Samiel nearly choked on his whiskey. “You want to meet my family? Annie, that is a threat, not a privilege.”
“I’m not saying I want to meet them,” I clarified, grinning. “I just want to know if you have a mom out there who’s gonna show up and judge me for coming to dinner with chipped nail polish and a healthy fear of organized religion.”
He made a show of rolling his eyes. “My mother’s barely on this plane. She comes around once a year for the HOA meeting and then bitches for six months about the paint on my house.” He tilted his head like he was rifling through a mental Rolodex. “There’s my dad, but he’s mostly retired. Spends his days building model trains and arguing online about politics. Theonly thing that sets him off is when people disrespect railroad infrastructure.”
I burst out laughing. “Your dad is a train guy?”

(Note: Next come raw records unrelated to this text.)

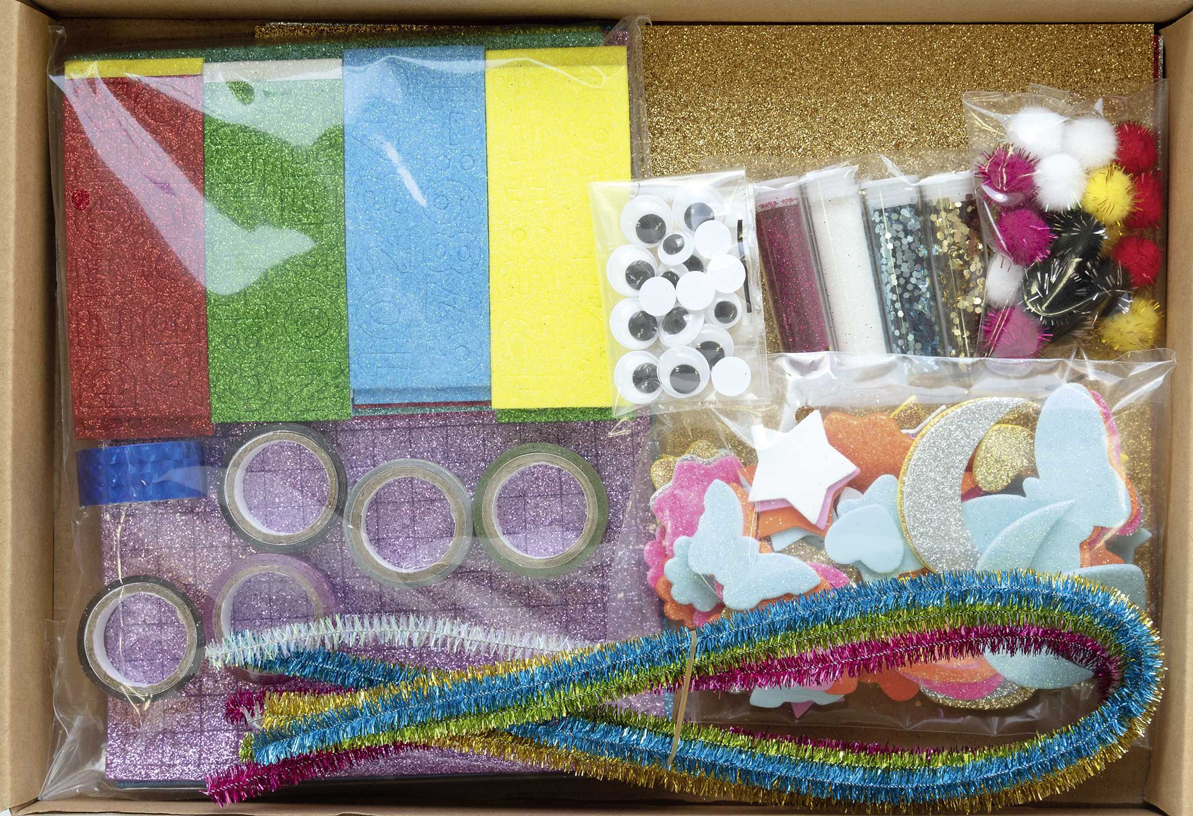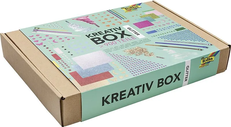 Kreativ Box Glitter Bunter Materialmix für phantasievolles und kreatives Basteln und Dekorieren.Inhalt:20x Wackelaugen, verschiedene Grössen4x Glitterkarton 17,4 x 24,5 cm, 300 g/m2, farbig sortiert4x Glittermoosgummi, 10 x 14,5 cm, farbig sortiert75x Moosgum...
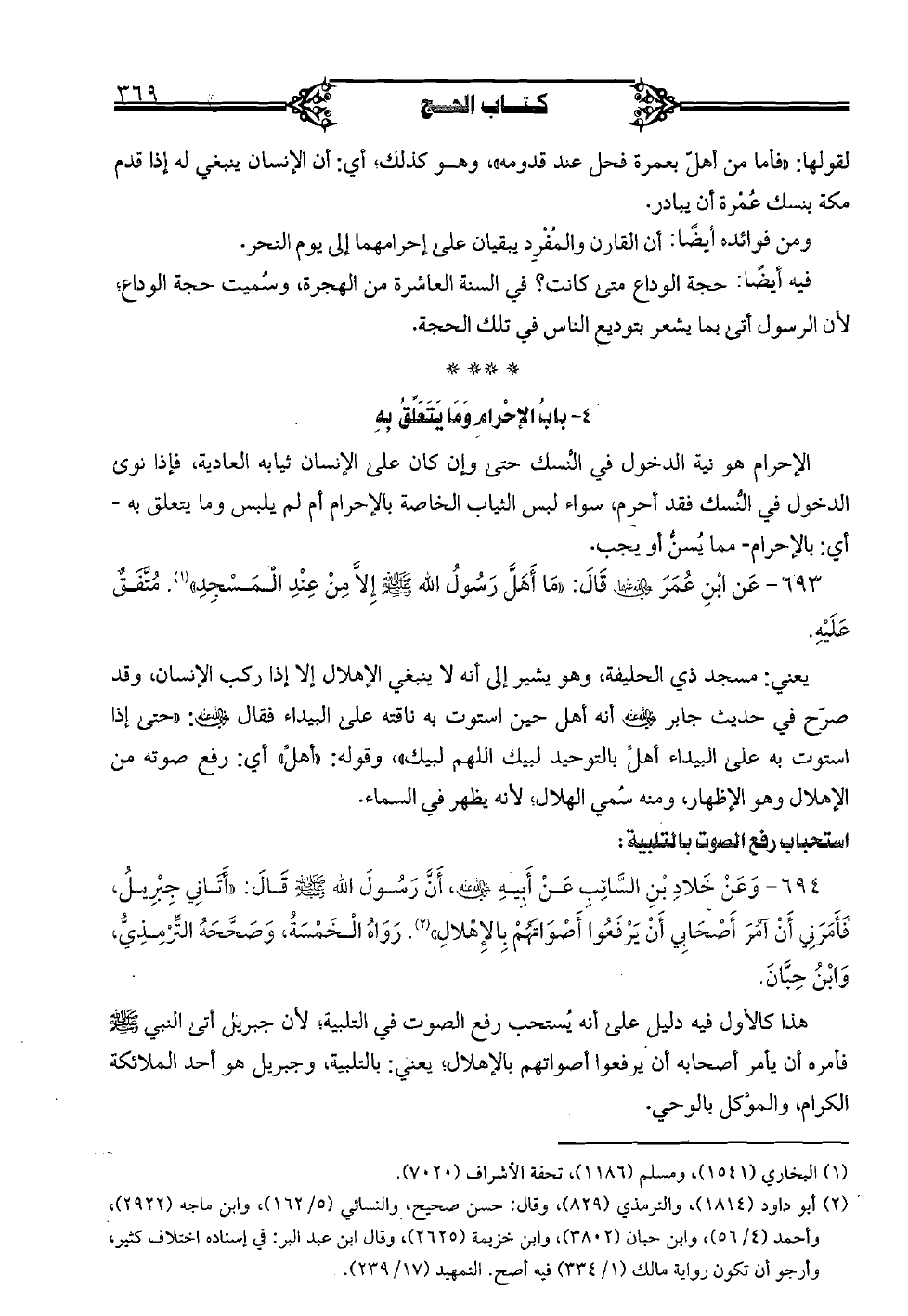 694 - وعن خلاد بن السائب عن أبيه رضي الله عنه، أن رسول الله صلى الله عليه وسلم قال: "أتاني جبريل، فأمرني أن أمر أصحابي أن يرفعوا أصواتهم بالإهلال". رواه الخمسة، وصححه الترمذي، وابن حبان.
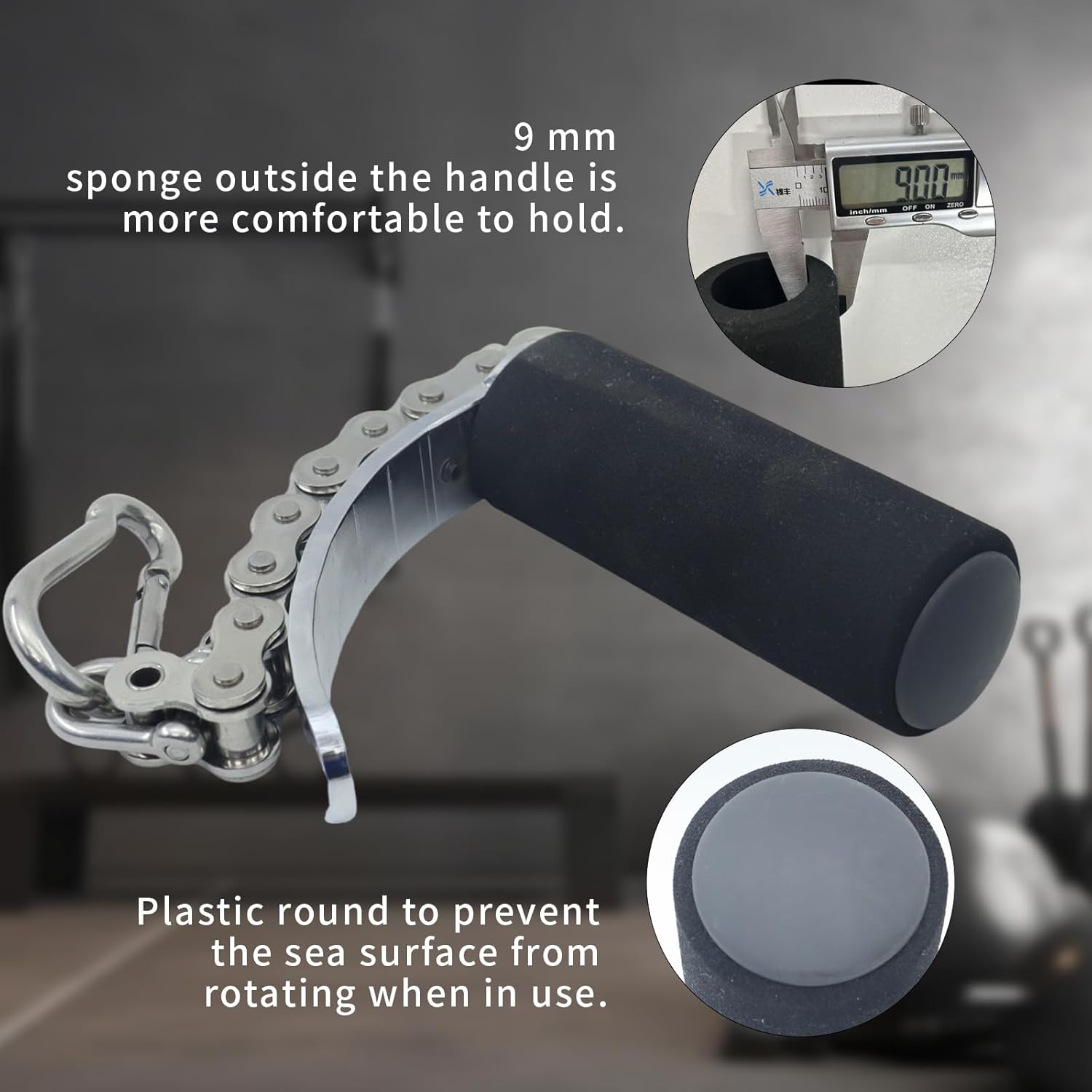 Material: Arm wrestling equipment chain is made of 304 stainless steel, the armwrestling handle is made of iron, and the outside is wrapped with sponge, which makes the grip tighter and more comfortable, and the round plastic bottom prevents the sponge from rotating when in use.
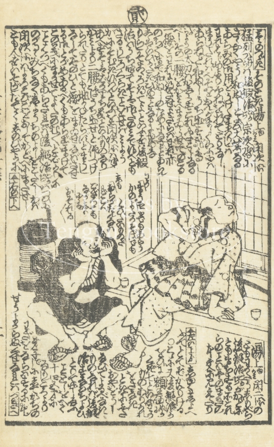 江戸時代後期の草双紙「女郎花五色石台(おみなえしごしきせきだい)」からの一枚。

“Oh, absolutely. He’s got a whole basement layout.” Samiel’s face twisted with mock horror. “Once he cornered the mayor for a solid hour about switching the town’s public transit to light rail. The mayor nearly exorcized him out of boredom.”
I grinned so hard my jaw hurt. “Tell me there’s a picture,” I said. “If there’s not a photo of your dad in a conductor hat, I’ll be crushed.”
“You’ll get your photo,” Samiel said, “but prepare yourself. If you meet him, there is a ninety percent chance he’ll try to induct you into the ‘Friends of Railroads’ club, which is not a euphemism. It’s just a bunch of retired demons and a handful of confused humans who genuinely love trains more than oxygen.” He sipped his drink, then gave me a look: “If you want to really play with fire, ask about my brother.”
“Oh, god. There’s a brother?” I leaned in, hand on his thigh. “How have you never mentioned this?”
He shrugged, but it was the kind of loose-tendoned motion that said this was a topic he’d spent years defusing. “Azazel doesn’t come around much. Technically he’s older, technically he’s the better son, but honestly? He spends most of his time in Hell because he thinks Earth is ‘too loud’ and the coffee is shit. When he does show up, it’s only because the old man guilt-tripped him into it, or because he’s bored and wants to prove he still knows how to ruin a party.”
I tried to picture it: an even more demonic version of Samiel, somehow less interested in humans, maybe even allergic to small talk. “He sounds like fun,” I said.
“He’s miserable,” Samiel agreed, but there wasn’t heat in it. “He’s also the one person on the planet I count on if something bad happens. Not even Vepar. If ever there was a demon who’dhelp you hide a body, it’s Azazel. But you’d better believe he’ll judge your shoveling technique.”
“Oh my god,” I wheezed, clutching the edge of the table. “Samiel, you’re telling me you’re the normal brother?”
He bared his teeth in a guilty, delighted grin, then reached for my hand, folding his claws around my knuckles. “Not normal. Just… adaptable.” His thumb swept back and forth, slow and thoughtful. I could see the shape of his family in this—the contradictions, the stubbornness, the way he clung to me like I was an answer to a problem he hadn’t known he was solving.
Samiel turned it around on me. “So, I’ve told you about mine. What about yours?”